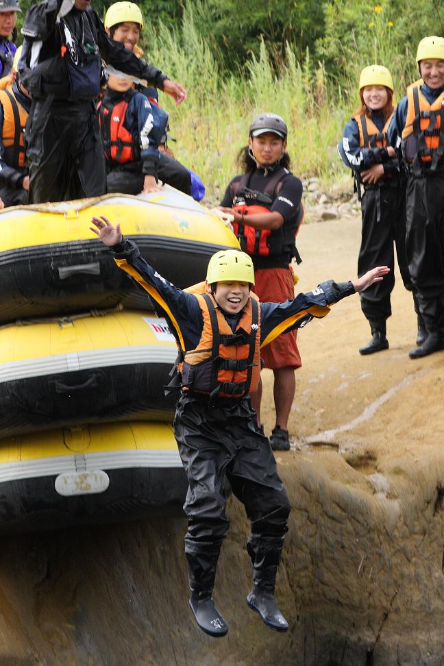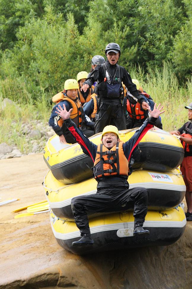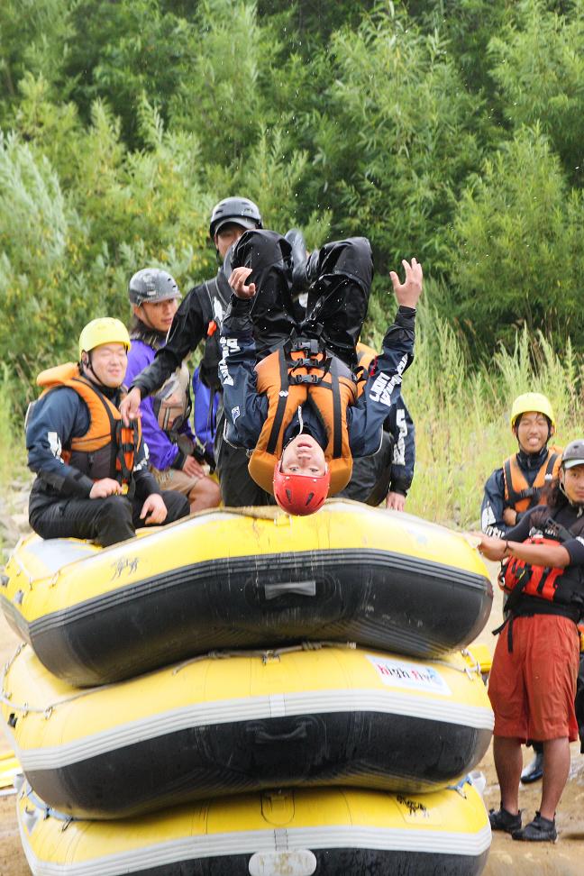 この写真は家族でニセコに行った際のラフティングをしているとき、途中、ダイビング大会が始まり飛び込んだ時の写真です。
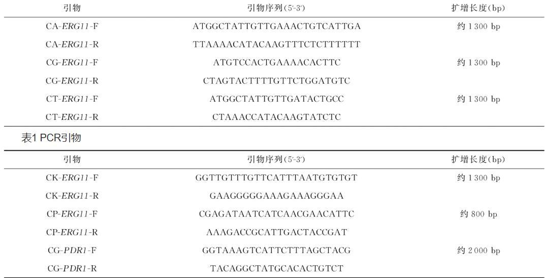 选取经oCelloScope微生物快速药敏监测系统检测确定为唑类耐药的33株念珠菌(白念珠菌6株、光滑念珠菌14株、热带念珠菌11株、克柔念珠菌1株、近平滑念珠菌1株),按照Ezup柱式真菌基因组DNA抽提试剂盒的说明书步骤,提取菌株的基因组DNA。参考GenBank数据库中念珠菌相关基因序列设计PCR引物,包括ERG11基因和PDR1基因。
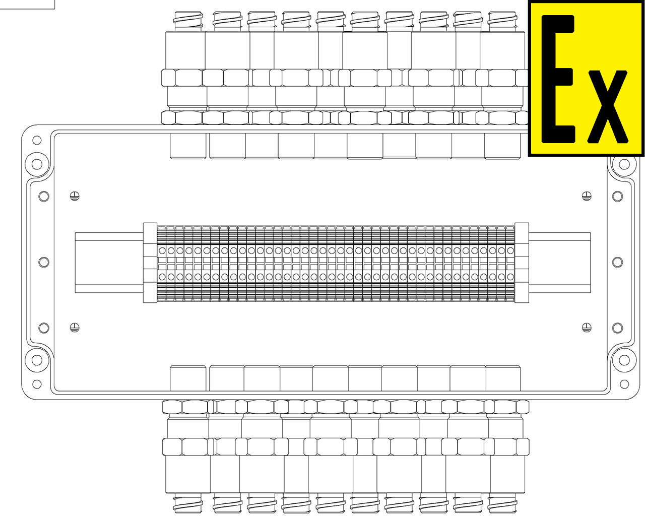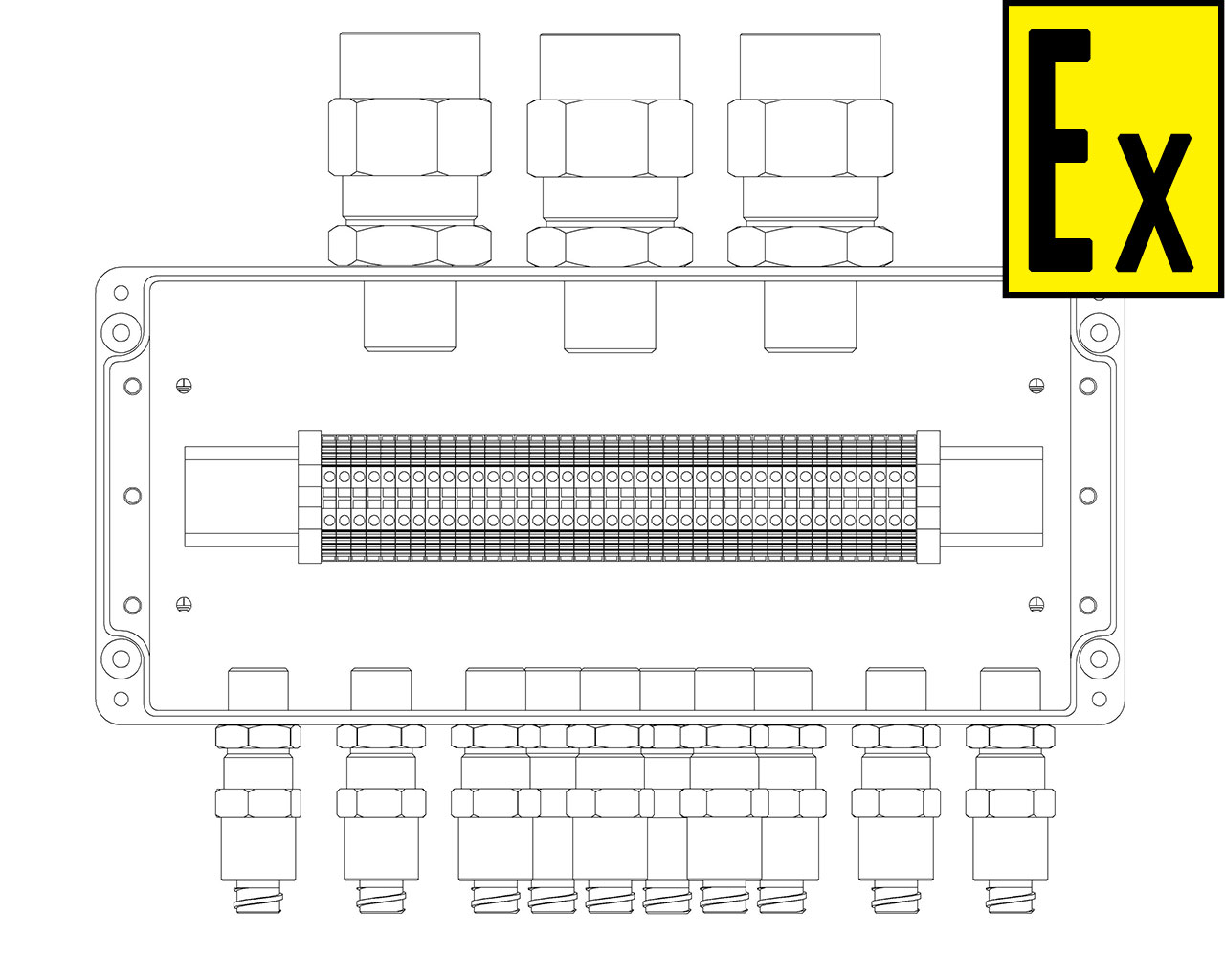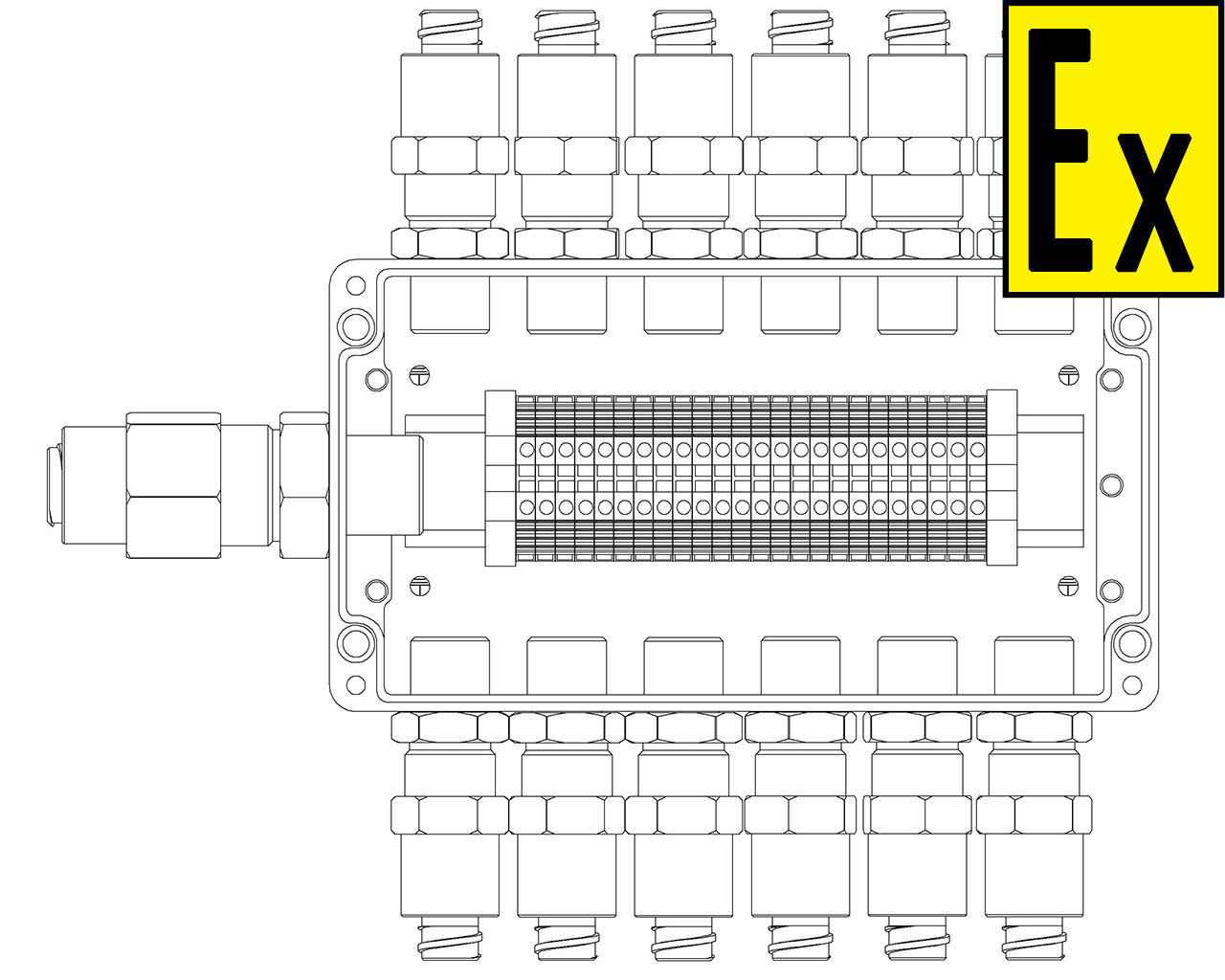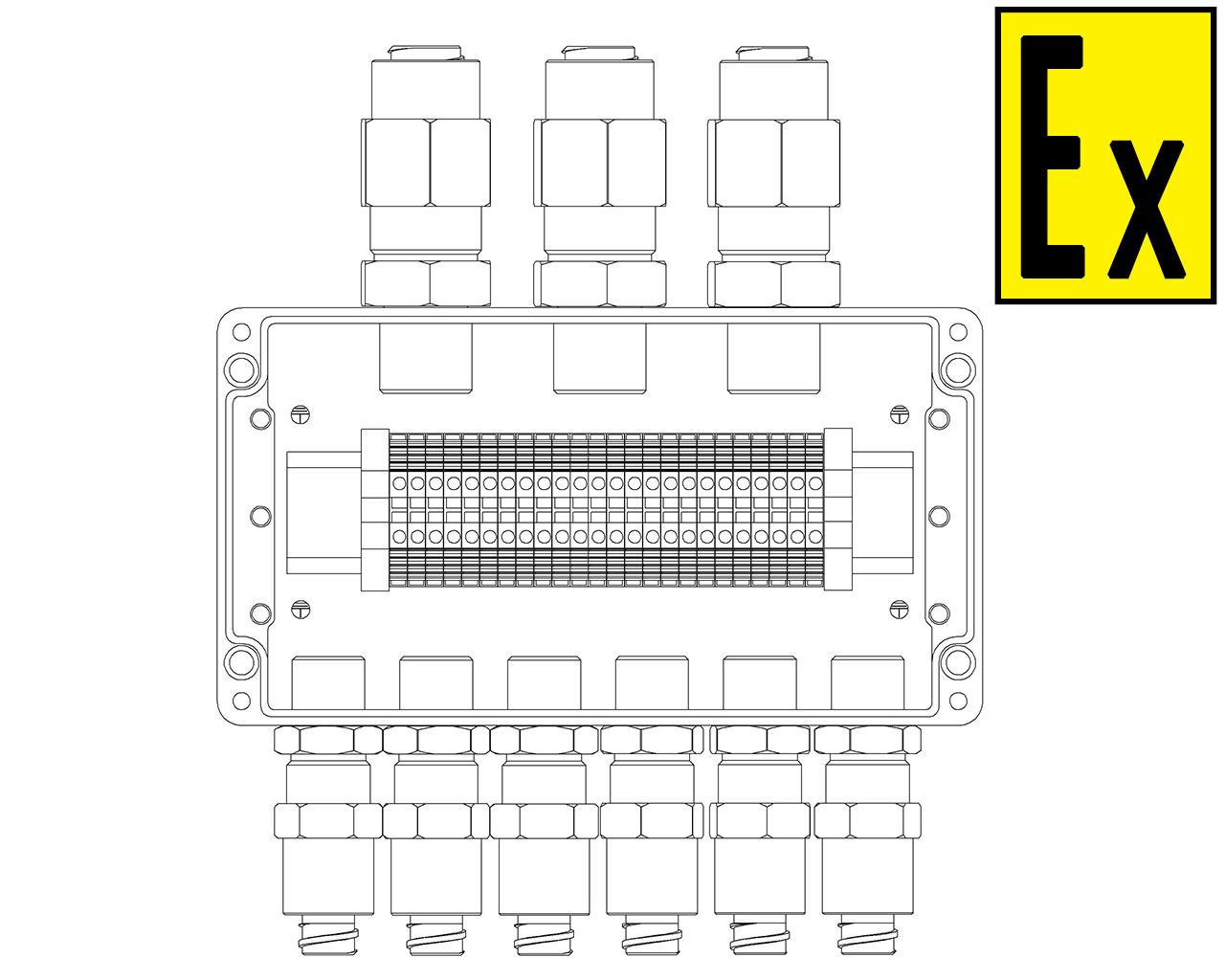 KVMK 2402, 1ExeIIBT5Gb, material - Aluminium alloy 120х220х91 mm, clamp terminals 0,5-4 mm2 I=25А -24 pieces, IP67, -60 ... +85°С, universal cable gland: kable ⌀6-12 mm/ Armoured cable. Crimp of wire armour/ for cable in metal hose ⌀15 mm - 12 pieces universal cable gland: kable ⌀10-16 mm/ Armoured cable. Crimp of wire armour/ for cable in metal hose ⌀20 mm - 1 pieces |
* * *
#### [What is needed]
Could you give back the full listing word for word, leaving out the images?

#### [Answer section]
 この写真は家族でニセコに行った際のラフティングをしているとき、途中、ダイビング大会が始まり飛び込んだ時の写真です。
 选取经oCelloScope微生物快速药敏监测系统检测确定为唑类耐药的33株念珠菌(白念珠菌6株、光滑念珠菌14株、热带念珠菌11株、克柔念珠菌1株、近平滑念珠菌1株),按照Ezup柱式真菌基因组DNA抽提试剂盒的说明书步骤,提取菌株的基因组DNA。参考GenBank数据库中念珠菌相关基因序列设计PCR引物,包括ERG11基因和PDR1基因。
 KVMK 2402, 1ExeIIBT5Gb, material - Aluminium alloy 120х220х91 mm, clamp terminals 0,5-4 mm2 I=25А -24 pieces, IP67, -60 ... +85°С, universal cable gland: kable ⌀6-12 mm/ Armoured cable. Crimp of wire armour/ for cable in metal hose ⌀15 mm - 12 pieces universal cable gland: kable ⌀10-16 mm/ Armoured cable. Crimp of wire armour/ for cable in metal hose ⌀20 mm - 1 pieces |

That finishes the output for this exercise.